The high woods above the Marish

Map of Woody End

A broad and densely wooded upland region of the Eastfarthing of the Shire, lying between the Green Hill Country on the west and the Marish on the east. From the hills in the heart of the Woody End sprang the Stock-brook, which ran down eastwards to meet the Brandywine at Stock.

The Woody End itself was only sparsely populated, though the village of Woodhall lay among the fringes of the oak forest at its northern edge. This is perhaps the reason why the region was favoured by the Elves, who would travel there at times from Lindon, or pass through from Rivendell and elsewhere on pilgrimages to the Tower Hills. For a time the Woody End had less savoury visitors, too, when a group of ruffians settled there at the time of Sharkey's rule in the Shire.

After the Shire-hobbits won back their land, Elves were seen in the Woody End again. In particular, it was here that Frodo Baggins and his fellow Travellers met the Keepers of the Three Rings on 22 September III 3021. From there the companions travelled on to the Grey Havens, and Bilbo and Frodo set sail from Middle-earth aboard the White Ship.

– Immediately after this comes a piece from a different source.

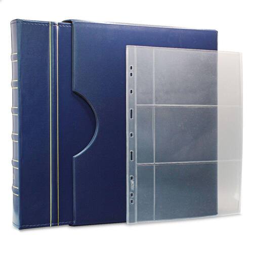 O Álbum de Luxo Azul 30 Folhas para 90 Cédulas 3BZN G é um kit de fichário que acompanha folhas para cédulas em acetato tamanho 32x24cm, a transparência da folha é alta e cristalina, de forma que é possível ver sua cédula sem interferências, e de ambos os lados: frente e verso, dessa forma é possível apreciar sua coleção da melhor forma. Esse kit de folhas é feito em um material resistente sendo o principal organizador de cédulas colecionáveis para colecionador.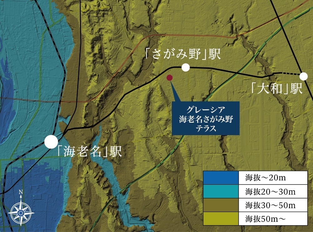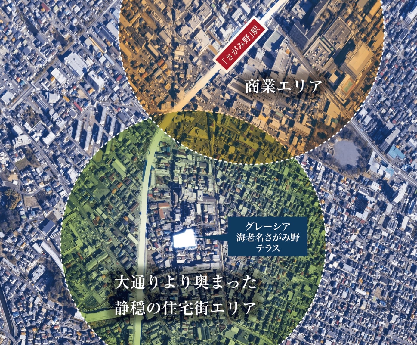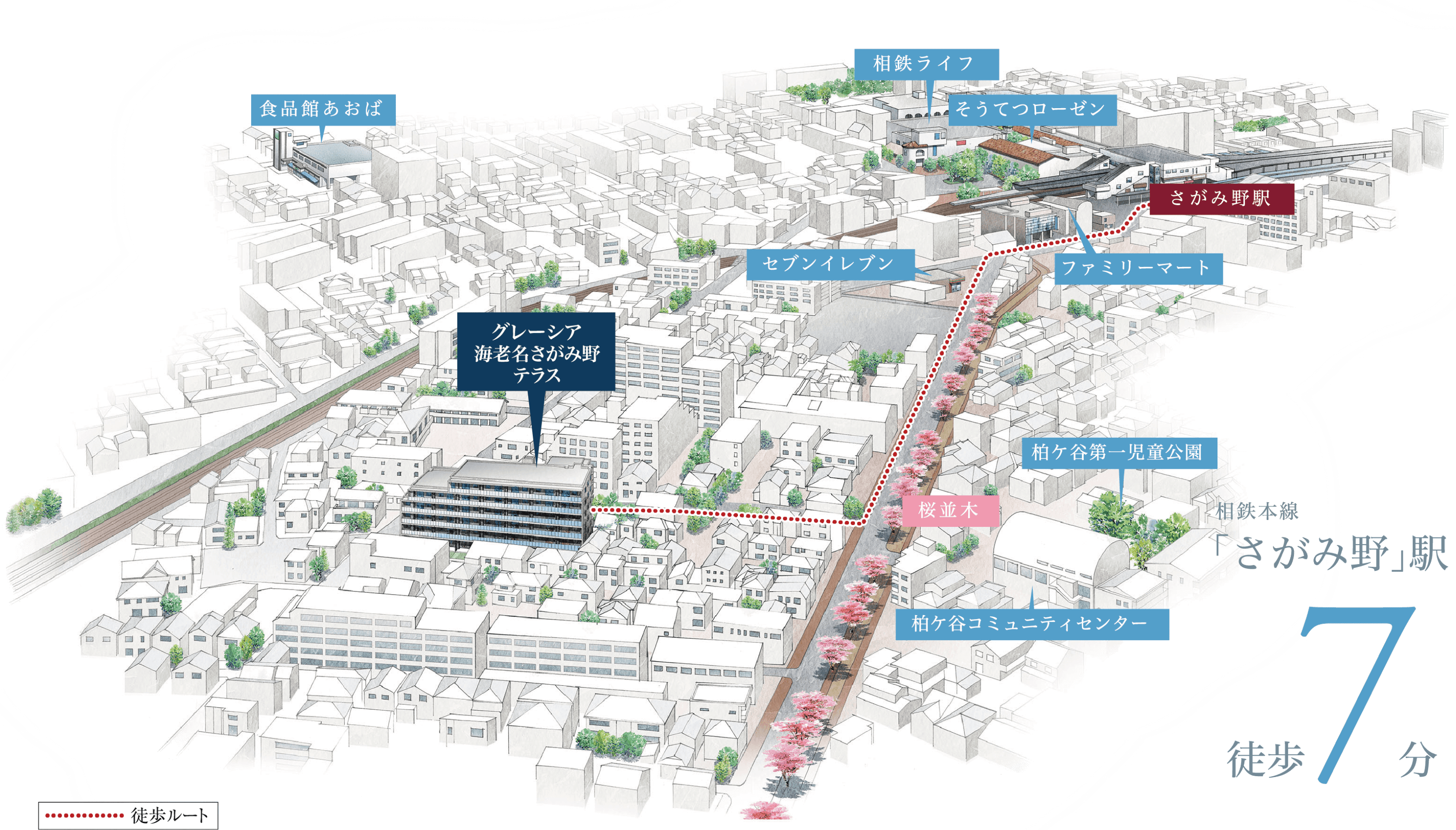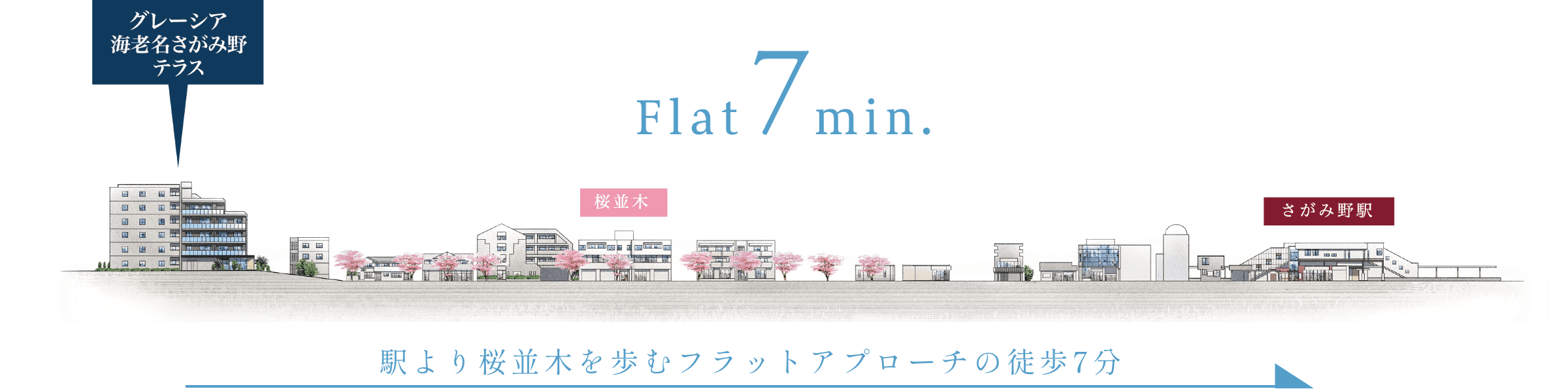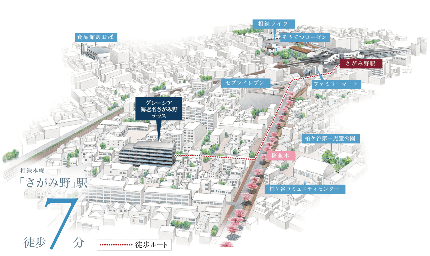 「さがみ野」駅前の賑わいから少し離れ、桜並木の美しい風景に寄り添う静かな住宅地。

It's necessary to say 'potentially' here, because we have no distinct western limit for the woods of Woody End. Certainly both the Shirebourn and Thistle Brook emerged from a belt of woodland connected to the trees of Woody End, but whether their sources were strictly within that region, or belonged more properly to the neighbouring Green Hill Country (or indeed both) is not entirely clear.


Anglo-Saxon ende originally had a very wide range of meanings relating to the idea of a broad area or region, and this seems to be the intended meaning here, so most likely the name 'Woody End' simply refers a wooded region. The word can also carry the implication of a place at a far limit or boundary (as in the phrase 'the ends of the Earth'), though that isn't a necessary part of its meaning, and does not seem particularly relevant in this context.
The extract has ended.